There is a lot of justified hype right now around applying Singular Learning Theory (SLT) to mechanistic interpretability. We all desperately want a magic, noise-tolerant number that tells us, “Ah, yes, the model just sculpted a meaningful circuit here”.
Recently, the Local Learning Coefficient (LLC) has been floated as the prime candidate for this. The theory is elegant: compute the LLC across checkpoints, and watch it respond when the model undergoes a phase transition.
I wanted to actually pressure-test this. I ran the code, stared at the loss landscapes, and recently narrated the core findings to my colleagues to get the manuscript drafted. The TL;DR? Gradient descent is incredibly messy, and the strongest claims about LLC being a standalone circuit-tracker are basically a mirage.
Here is what actually happens when you put LLC to the test, and why we need to seriously rethink how we build observability tooling.
The Setup: Hunting for the “Jump”
I went back to the absolute basics where MLP circuit formation is well-understood: the Toy Models of Superposition ().
It is a one-hidden-layer ReLU MLP with tied weights.
The network is just trying to compress sparse features into a 2-dimensional bottleneck.
The hallmark event we are looking for is a discrete dimensionality-jump, where the effective rank of the weight matrix suddenly pops from ~1.81 to 2.00.
The Polytope Gallery
In theory, the LLC should cleanly track this phase transition. And to be fair, conditionally, it does. If a perfectly clean jump occurs, the LLC at the inflection point is consistently elevated above random cut-points within that same trajectory
The problem? That “clean jump” is a statistical unicorn.
The Single-Seed Fallacy
We have a bad habit in interpretability of running a single seed, getting a beautiful graph, and assuming we’ve mapped the “ground truth” algorithm. These experiments prove how wildly dangerous that assumption is.
I ran 20 seeds at the exact same canonical configuration. Only about 25% of them actually exhibited the textbook plateau-then-jump trajectory.
Seed Grid showing the sigmoid fit to effective-rank trajectories
If a tiny toy MLP gets permanently stuck in a sub-optimal basin 1 out of 5 times, imagine the path-dependency when training massive predictive architectures.

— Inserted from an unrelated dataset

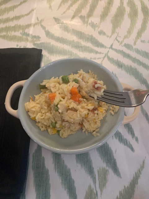 Country Chicken and Rice is a comforting classic that never gets old. Here I’ve used diced grilled chicken and chicken broth with vegetables. Variations include using turkey, poached chicken or adding creaminess with cream of chicken soup and mixing up the veggies added for heartiness, flavor, fiber, and nutrition. You can also add quinoa to the rice for an interesting textured blend. It’s done in twenty minutes.

Non-Monotonic Dynamics with pairwise cosine similarity graphs
The Nail in the Coffin: The Sparsity Sweep
The most damning piece of evidence comes from my multi-sparsity factor analysis, which outright falsifies the claim that “LLC drift tracks circuit formation”.
If LLC drift is actually tracking circuits, it should be relatively quiet when no circuits are forming. I ran a sweep at a sparsity of 0.3, a regime where the network keeps exactly two features and exhibits zero superposition (meaning no phase transition occurs).
Sparsity Sweep showing LLC drift across 0.3, 0.5, 0.7, and 0.9
The data is brutal: LLC drift at sparsity 0.3 was roughly 3x larger than the drift at the canonical 0.7 sparsity.
LLC drift is not a reliable circuit-level signal. It is heavily dominated by general training-time evolution that varies across regimes in ways completely unrelated to circuit formation. Furthermore, I found that feature emergence and the rank-jump are entirely distinct events. Feature emergence happens early (around step 700), while the rank-jump happens late. The measurable LLC effect is actually tracking that late rank-jump, not the early feature emergence.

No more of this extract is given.